More Reasons Why DNA Is Perfect for Coding
Scientists at Vanderbilt University may have been trying to explain chemical evolution, but hit on another reason DNA is the ideal molecule for carrying genetic information (see also Science Daily). They tweaked the sugar molecule on the DNA backbone and got an unwieldy, haphazard, writhing ribbon of a molecule, unsuitable for bonding genetic code or compacting into chromosomes. It wasn’t even close to DNA. “Just how nature arrived at this molecule and its sister molecule, RNA, remains one of the greatest – and potentially unsolvable – scientific mysteries,” the article says.
Martin Egli and team coaxed DNA to incorporate six-carbon sugars instead of the less-common five-carbon sugars (deoxyribose in DNA, and ribose in RNA). What they got is called homo-DNA. Though first synthesized in 1992, homo-DNA had not been studied in structural detail till now. Despite being thermodynamically more favorable for spontaneous formation, homo-DNA is too bulky, and too careless in its base pairing, to be useful as a genetic molecule. Furthermore, it cannot pair with other molecules like RNA – essential for transcription and translation.
These researchers did worthwhile work helping us understand why DNA is so good, seemingly “the work of an accomplished sculptor” as well as programmer. “The new insights provided by this structure lie at the heart of the most fundamental of scientific inquiries – the origin of life on Earth,” they said. That’s a worthy question to think about, even if an “unsolveable” mystery from a materialist standpoint. But the press release easily wins Stupid Evolution Quote of the Week for these groaners:
- DNA’s simple and elegant structure – the “twisted ladder,” with sugar-phosphate chains making up the “rails” and oxygen- and nitrogen-containing chemical “rungs” tenuously uniting the two halves – seems to be the work of an accomplished sculptor.
Yet the graceful, sinuous profile of the DNA double helix is the result of random chemical reactions in a simmering, primordial stew.
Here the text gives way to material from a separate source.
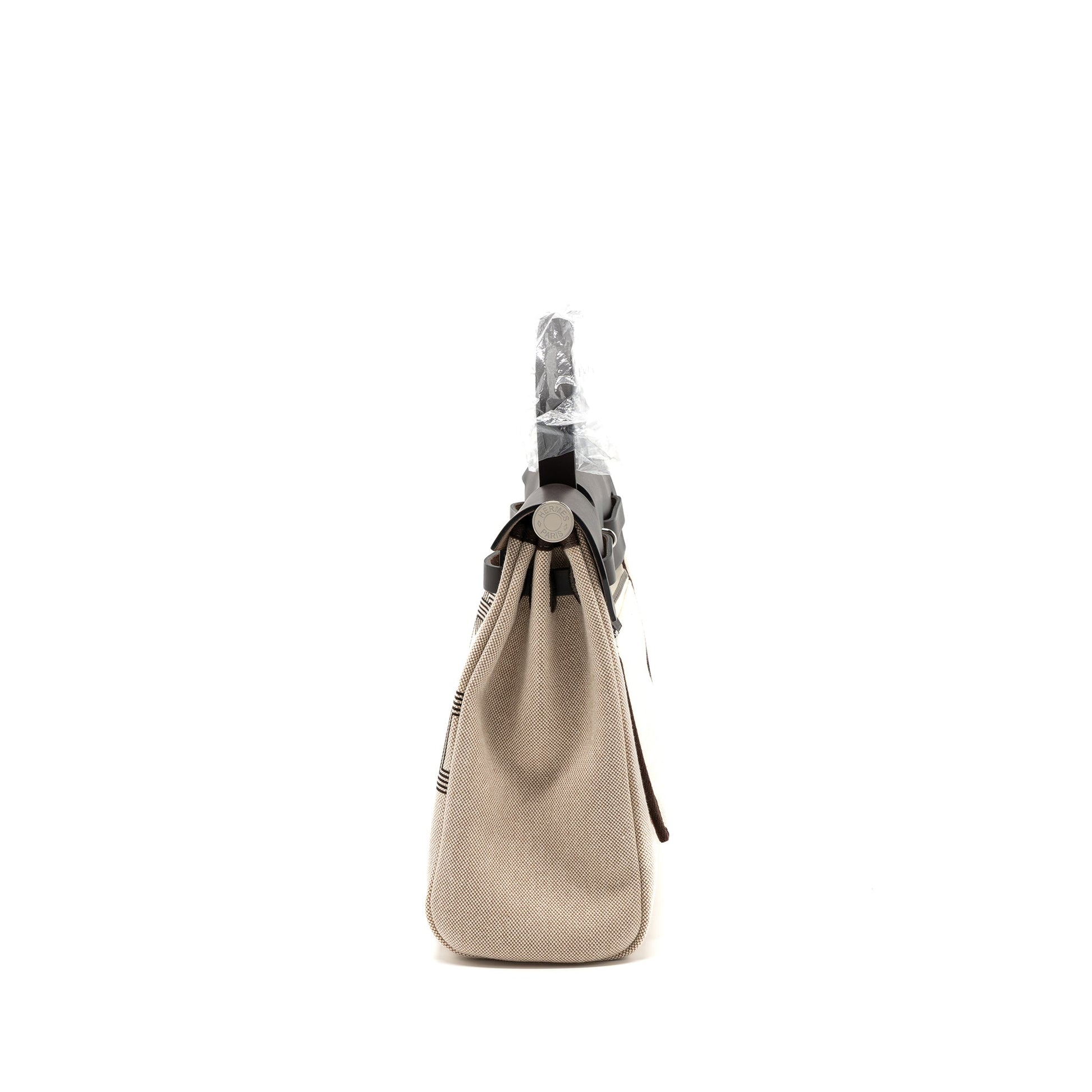 Hermes Herbag 31 Zip Bag Toile H Plume Hunter/ Canvas Ebene/ Ecru/ Beige/ Ebene SHW Stamp u

- “These molecules are the result of evolution,” said Egli, professor of Biochemistry. “Somehow they have been shaped and optimized for a particular purpose.”
- “Homo-DNA is just one alternative system. There are hundreds of sugars, as many as you can think of. It will be almost impossible to look at all of them,” Egli said.
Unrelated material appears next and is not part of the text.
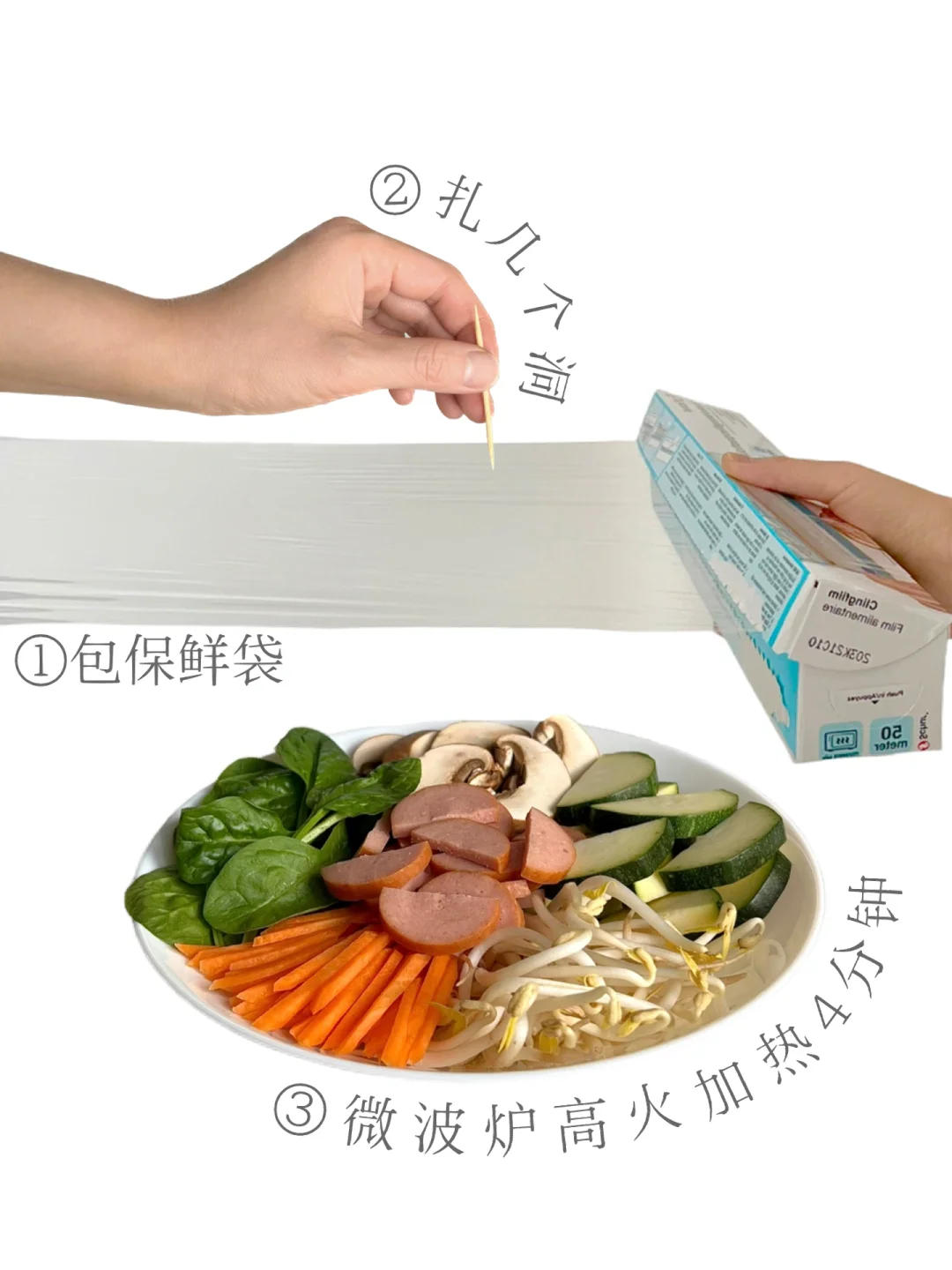 有剩饭就这么拌!不输外卖! 👉仅供参考 🥚微波炉煎蛋我用的360w加热50秒 🥬微波炉烹蔬菜用的900w加热4分钟 具体时间还需根据食材品种和量来定 👉注意 我选用的食材在瑞典都是🉑️生吃的 不可生食的食材🙅♀️不建议微波炉烹饪 保鲜膜务必🉐️选微波炉可用的 👉Tips 酱料比例🉑️按口味调整

“But the big red herring of this work could be that nature never went through these other sugars. Maybe it just hit on gold (these five-carbon sugars) very early and took off from there.”
This shows that even misguided evolutionary scientists, though hopeless gamblers, are not completely out of touch with reality. Like the blindfolded, they occasionally bump into it and bang their heads. Nobody is forcing them to wear the blindfolds.